If I simply read the new bronze table3, then append only to the existing table, i.e.,
--------
df3 = spark.readStream.table(f"{bronze_catalog}.{bronze_schema}.table3")
df3a = df1.select(....).transform(....)
df3a.writeStream.format("delta").outputMode("append").option(
"checkpointLocation", my_checkpoint_path)
).trigger(availableNow=True).table(f"{silver_catalog}.{silver_schema}.my_silver_table")
--------
Spark will give errors like:
com.databricks.sql.transaction.tahoe.DeltaIllegalStateException: [DIFFERENT_DELTA_TABLE_READ_BY_STREAMING_SOURCE] The streaming query was reading from an unexpected Delta table (id = 'de2e002d-e6a7-452a-acd6-6843796fe00c').
Option2: >> doing a union with all dataframes from the different sources, then write once. i.e., the example for df1+df2 in my previous post.
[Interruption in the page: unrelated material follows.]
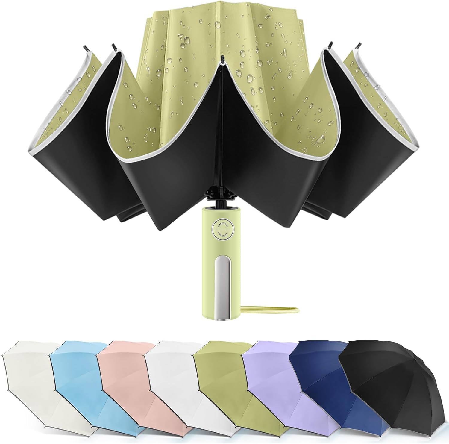 - 【Fully Automatic Inverted Umbrella】 Auto open and close umbrella can be handy for quick entry into a car, building, or tent. You can quickly open or close the travel umbrella at the press of a button. A must-have umbrella for men and women.

I remember that I must create my_silver_table from scratch whenever unioning a new df. a.k.a, deleting the table created before adding the new df (of the new source) and its corresponding checkpoint. Otherwise, spark complains the streaming source is different.
Using the adding df3a as an example, the existing my_silver_table is created when the source has df1 & df2. After introducing df3, spark will not allow writing to my_silver_table unless I remove the cehckpoint. For consistency, remove the table itself too. Did I miss any important steps?